My bedroom, and the apartment in all, is a dream. For the sake of privacy, I'm not going to post pictures of the apartment, but I've included some of my room below, as well as photos of the arrondissement.




When my housemate arrived, we went for a walk through the neighborhood and to the metro station to buy our Navigo passes. The 15th arrondissement near where I'm living is so stunning. I had in my mind this idea of what Paris should look like, but you never truly believe that it will truly look like that... but it does. It's insane. We took a tour through a Monoprix as well, which is a kind of convenience store in Paris, but the one near our home stay is massive. The top floor reminds me of a Walmart, or a Target. It has everything: clothing, toiletries, food, makeup, school supplies, novels, home decor, a entire market in the downstairs with fresh seafood, fruits, vegetables; boxed items, cheese, a deli, and so much more.

After our tour of the quartier, my housemate Madeline and I decided to go on a walk on our own. While on our tour, our host mother had showed us this small store called Picard, where you can buy frozen meals and warm them up in the wall of microwaves in the store. Knowing that we wouldn't eat until 8:00, we purchased two acaii bowls, but misread the instructions on the back that said to microwave them for seven minutes... it turns out it meant to defrost for seven minutes, that way you weren't eating hot acaii soup like we did. Not ideal.
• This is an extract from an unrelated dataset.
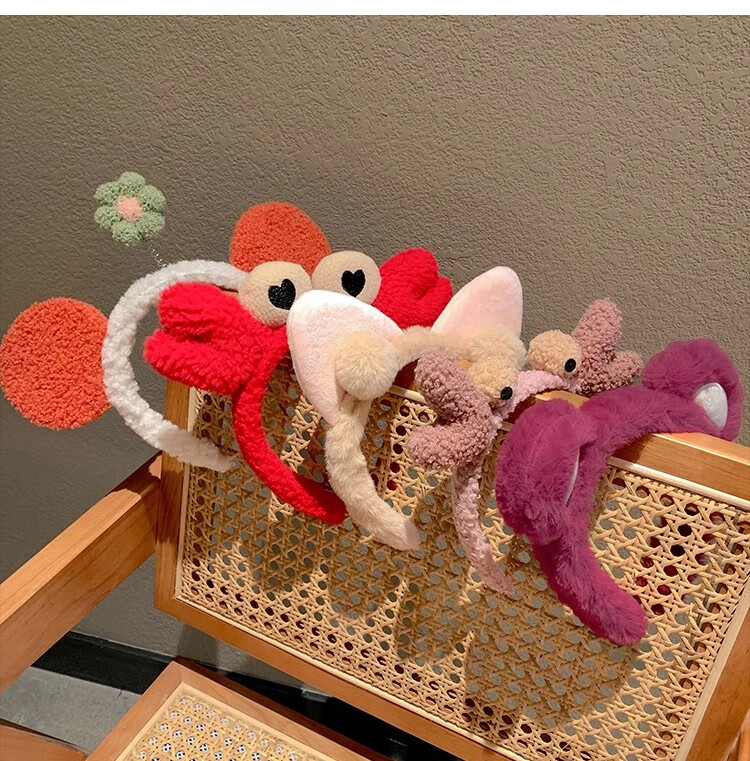 Cartoon face wash special headband for women 2025 new plush headband for hair pressure makeup cute hairpins hairband headwear 2 random main pictures

When we finally returned to the home stay, we were introduced to our host father and ate dinner: roasted vegetables and some odd block of grey looking meat with bread. Anyone who knew me as a child knows that I was a very picky eater growing up. As I've gotten older, I've become better about trying and liking new things. Going vegan has also forced me to open myself to new foods that I was disgusted by as a child. I've grown to adore Brussels spouts, mushrooms, tomatoes, tofu, and most vegetables that I hated as a child. However, I am in general very careful with meat. I decided for the sake of this trip and to fully be able to enjoy myself that I wouldn't be eating vegan. After all, everything in France has butter. I'd even made up my mind to, should the occasion arise, try escargot. However, there is one French dish that I have always been against and said I wouldn't eat: fois gras. If you're unfamiliar, fois gras is duck liver. More than anything else, I'm bothered by the methods through which it is harvested. The ducks live in cages and are fattened up for their liver which is usually served on some sort of bread and... I'm sure you can see where this is going. Yes, on my first night in Paris ate the one thing I had told myself I wouldn't eat. My reaction was exactly what I had expected. But, I tried it. So there. OIf only my younger self could see me now.